I have written the following code to tokenize the input paragraph that comes from the file samp.txt. Can anybody help me out to find and print the number of sentences, words
Try it this way (this program assumes that you are working with one text file in the directory specified by dirpath
):
import nltk
folder = nltk.data.find(dirpath)
corpusReader = nltk.corpus.PlaintextCorpusReader(folder, '.*\.txt')
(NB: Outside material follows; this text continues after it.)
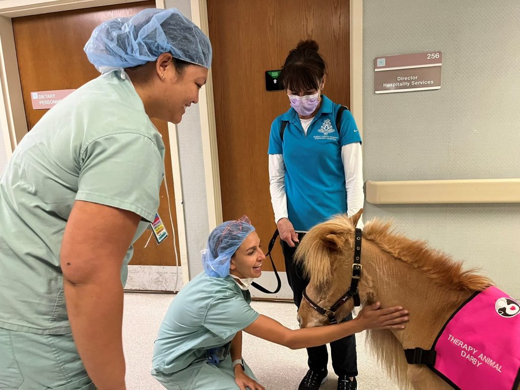 Darby is a gentle, calm and reliable mini horse with a big heart that enjoys interacting with people, all qualities that make him a great therapy animal. He is also unique, as Scully explained that 92% of the therapy animals certified through Pet Partners are dogs.

print "The number of sentences =", len(corpusReader.sents())
print "The number of patagraphs =", len(corpusReader.paras())
print "The number of words =", len([word for sentence in corpusReader.sents() for word in sentence])
print "The number of characters =", len([char for sentence in corpusReader.sents() for word in sentence for char in word])
Hope this helps
For words and sentences you will probably need to clearly state your definition of a sentence and a word and program for that.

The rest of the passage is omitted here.